CHICAGO – The antihypertensive agent olmesartan is associated with increased risk of a severe sprue-like enteropathy, as highlighted in a nationwide French cohort study.

This olmesartan-related illness is characterized by villous atrophy, severe chronic diarrhea, and weight loss, with negative serology for celiac disease.

The hospitalization rate for this disorder is time dependent. The risk doesn’t increase significantly until after the first year on therapy but climbs steeply thereafter, Dr. Myriam Mezzarobba reported at the annual Digestive Disease Week.

Importantly, angiotensin receptor blockers other than olmesartan (Benicar) were not associated with an increased risk of severe intestinal malabsorption in the French study. Neither were ACE inhibitors, added Dr. Mezzarobba of the French National Health Insurance Fund, Paris.

A few prior reports based on relatively limited patient numbers and/or short follow-up have indicated conflicting results regarding a possible association between olmesartan and severe intestinal malabsorption. This controversy provided the impetus for Dr. Mezzarobba and coinvestigators to conduct a cohort study harnessing the database of SNIIRAM, the French national health insurance plan covering 50 million residents, with linkage to the country’s centralized hospitalization database.

The investigators zeroed in on 4.5 million patients who started on an angiotensin receptor blocker or ACE inhibitor during 2007-2012. During more than 9 million person-years of follow-up, 218 of these individuals were hospitalized with a discharge diagnosis of intestinal malabsorption.
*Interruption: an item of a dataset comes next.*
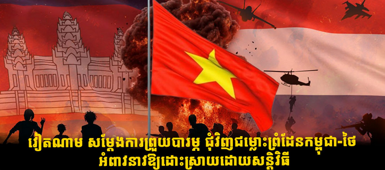 រដ្ឋមន្ត្រីការបរទេសវៀតណាម លោក Le Hoai Trung បានបង្ហាញការព្រួយបារម្ភជុំវិញការវិវត្តស្ថានការណ៍ដ៏ស្មុគស្មាញនៅតាមបណ្ដោយព្រំដែនកម្ពុជា-ថៃ អំឡុងកិច្ចពិភាក្សា ជាមួយសមភាគីថៃរបស់លោក លោក Sihasak Phuangketkeow នៅក្នុងប្រទេសថៃ កាលពីថ្ងៃអាទិត្យ ទី១៤ ខែធ្នូ។ នេះបើតាមទីភ្នាក់ងារសារព័ត៌មានវៀតណាម ដកស្រង់ចេញផ្សាយ ដោយទីភ្នាក់ងារសារព័ត៌មានចិន Xinhua។

The incidence rate for this outcome among patients on olmesartan was 2.6 cases per 100,000 person-years during their first year on the medication, rising to 6.7 per 100,000 person-years during the second year and 8.9 per 100,000 person-years after 2 years on the drug.

In contrast, the rates among patients on other angiotensin receptor blockers were 2.1, 2.0, and 1.5 per 100,000 person-years, respectively, during the same treatment duration periods. And in patients on an ACE inhibitor, the rates were 3.7, 2.0, and 0.9 cases per 100,000 person-years during the first, second, and beyond the second year on therapy.

In a regression analysis controlled for age and sex, the adjusted rate ratio for hospitalization for intestinal malabsorption in patients on olmesartan compared with those on an ACE inhibitor was 0.7 for those on medication for less than a year, 3.3 during years 1-2, and 10.3 for those on olmesartan for longer than 2 years.

The typical pattern of this disorder is clinical and histologic remission following olmesartan discontinuation, Dr. Mezzarobba noted.

Session discussant Dr. Benjamin Lebwohl stressed that the French study holds a key lesson for gastroenterologists everywhere.

"Lest we become very aggressive in our case finding for celiac disease – and many of us are now looking more closely for this disease – we need to remember that villous atrophy is not always due to celiac disease," said Dr. Lebwohl, a gastroenterologist at Columbia University, New York.

He characterized the association between olmesartan and severe intestinal malabsorption found in the French national study as "robust," adding: "Importantly, this risk was not an acute risk. It increased over time. This is not an acute drug reaction, this is something that can develop at any point, even years after starting olmesartan."

Dr. Mezzarobba and Dr. Lebwohl reported having no financial conflicts.